Jakarta (30/9) – Fraksi Partai Keadilan Sejahtera (FPKS) DPR RI menolak hasil pembahasan Rancangan Undang-Undang tentang Ketentuan Umum Perpajakan (KUP) yang disepakati menjadi RUU Harmonisasi Peraturan Perpajakan (HPP) karena tidak memenuhi prinsip keadilan dan memberatkan rakyat. Dalam pengambilan keputusan di Komisi XI FPKS memberikan catatan penolakan utamanya terhadap pengenaan pajak kebutuhan pokok, jasa Pendidikan, pelayanan sosial, jasa Kesehatan medis dan lainnya.
“Di saat berbagai insentif dan fasilitas perpajakan diberikan kepada masyarakat berpendapatan tinggi, Pemerintah justru terus mengejar sumber-sumber perpajakan dari masyarakat berpendapatan rendah. Sistem administrasi perpajakan yang tidak efisien terus menjadi permasalahan dalam pembangunan.” Disampaikan oleh Ecky Awal Munawar saat membacakan pandangan mini FPKS DPR RI di Komisi XI pada hari Rabu, (30/9/2021) di Jakarta.

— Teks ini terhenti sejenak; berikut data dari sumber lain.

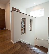 廊下からアーチをくぐると吹き抜けの階段。採光窓もあり2階まで明るいです。手すり部分にはお洒落なロートアイアン飾りを施工しました。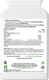 But that's not all - our formula also includes kelp, which is rich in iodine and supports healthy thyroid function, essential for maintaining a healthy metabolism. Cinnamon helps to regulate blood sugar levels and reduce cravings, while cayenne helps to increase thermogenesis, or calorie burning. And with chromium picolinate, which supports normal blood sugar levels, you can be sure you're getting a comprehensive approach to healthy weight management.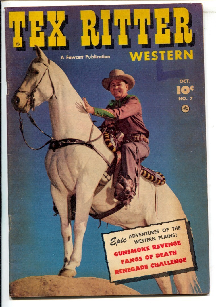 Grade: VG+Tex Ritter #7 1951-Fawcett-Portrait photo cover-"Fangs Of Death"-VG+ -Portrait photo cover -"Fangs Of Death" -Looks FN but has a few light stains Grade: VG+ SKU: PULP008-232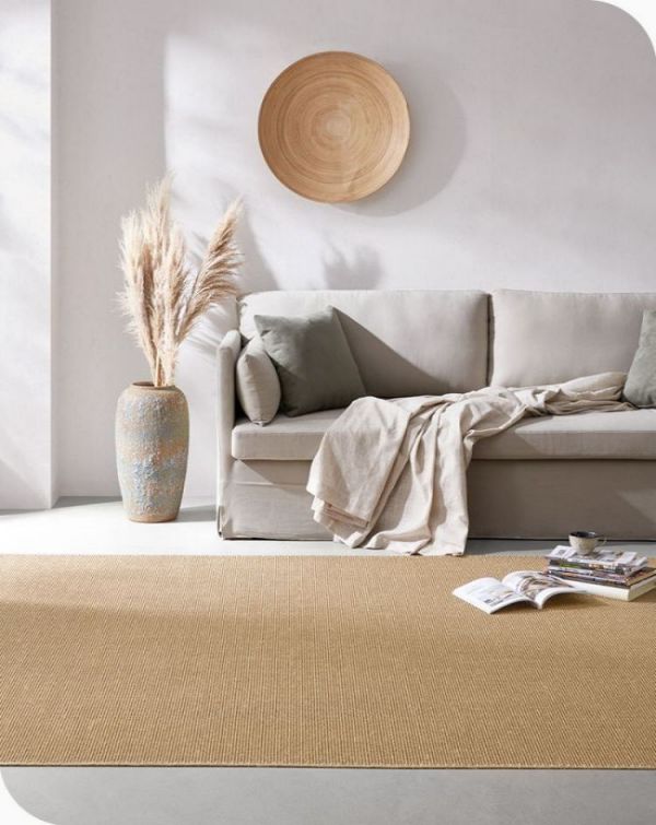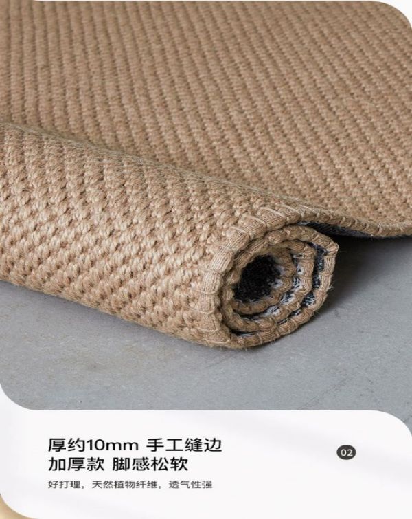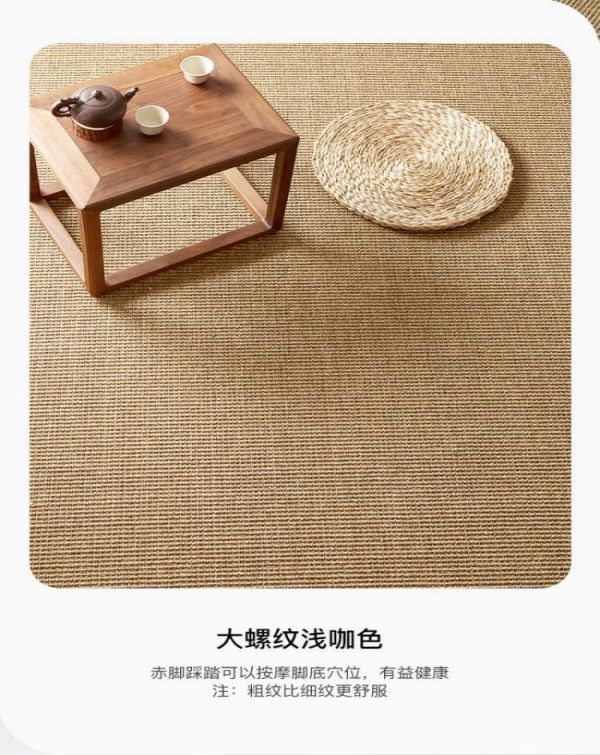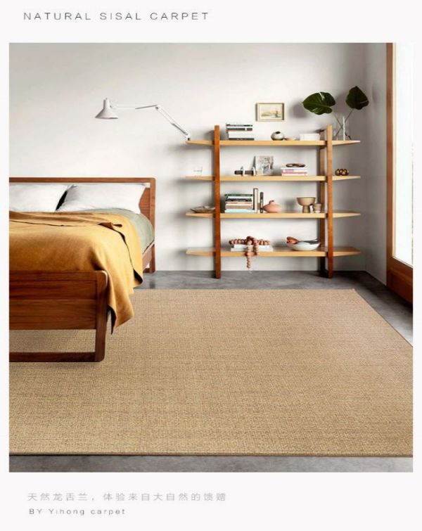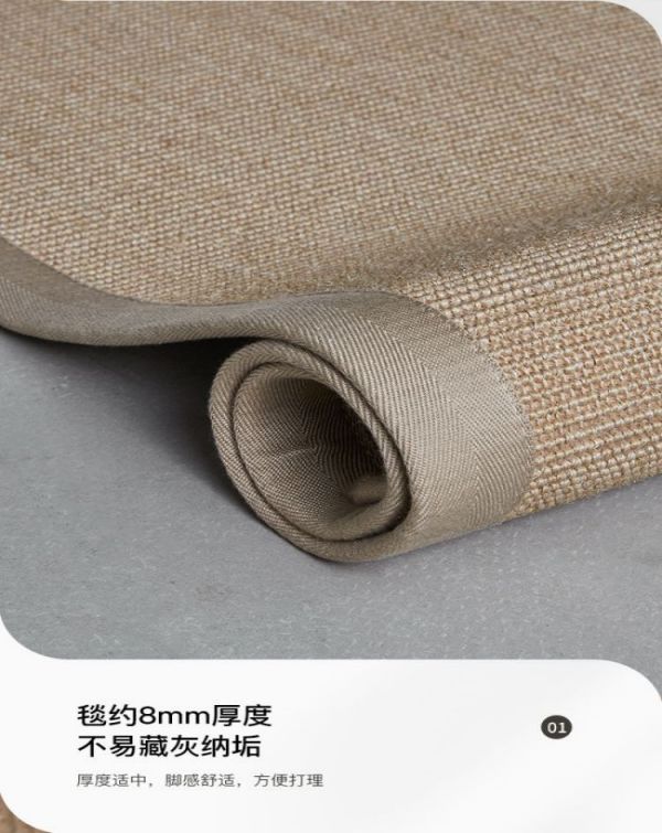 剑麻地毯是一种新型地毯,采用天然剑麻纤维编织而成,比较符合现代人对清新自然的追求。剑麻地毯一般有斜纹,鱼骨纹,帆布平纹,多米诺纹等多种花色。剑麻地毯绿色环保,价格较羊毛、真丝地毯实惠,而且具有抗压、耐磨、耐酸碱、吴静电等优点

Fraksi PKS tidak sepakat dengan rencana kenaikan tarif PPN menjadi 11% yang akan diberlakukan mulai 1 April 2022, dan 12% berlaku paling lambat tanggal 1 Januari 2025. Mendorong agar tarif Pajak Pertambahan Nilai setinggi-tingginya tetap 10%.
“Kenaikkan tarif PPN akan kontraproduktif dengan rencana pemulihan ekonomi nasional. Sumber PPN terbesar berasal PPN dalam negeri, berupa konsumsi masyarakat, dan PPN impor, yang merupakan konsumsi bahan modal dan bahan baku bagi industri. Artinya, kenaikkan tarif PPN tidak hanya melemahkan daya beli masyarakat, tetapi juga akan meningkatkan tekanan bagi perekonomian nasional” tegas Ecky.
Fraksi PKS berpendapat bahwa penghapusan barang dan jasa yang tidak dikenai PPN, seperti barang kebutuhan pokok yang sangat dibutuhkan dan dikonsumsi oleh rakyat banyak, jasa kesehatan medis, jasa pendidikan, jasa pelayanan sosial, jasa keagamaan dan lainnya, akan membebani rakyat serta berdampak negatif terhadap kesejahteraan dan perekonomian. Seharusnya barang dan jasa tersebut masih dikecualikan sebagai barang dan jasa kena pajak, sehingga barang dan jasa tersebut bukan menjadi objek PPN
Anggota Komisi XI ini juga menambahkan, Fraksi PKS menolak pasal-pasal terkait dengan program pengungkapan sukarela wajib pajak sebagaimana yang dipahami publik sebagai program “tax amnesty jilid 2” karena menunjukan kebijakan perpajakan kita yang semakin timpang dan jauh dari prinsip-prinsip keadilan.
“Pada tahun 2016 Fraksi PKS secara resmi menolak tax amnesty yang didasari oleh sikap sesuai platform kebijakan pembangunan PKS dimana kebijakan perpajakan adalah menegakkan prinsip keadilan (fiscal justice).”
Kebijakan tax amnesty adalah kebijakan yang tidak mencerminkan prinsip tersebut. Pelaksanaan UU Pengampunan Pajak tahun 2016 tidak terbukti dapat meningkatkan penerimaan negara jangka panjang. Terbukti, pada periode 2018 rasio perpajakan hanya mencapai 10,2% dan 2019 hanya mencapai 9,8 %.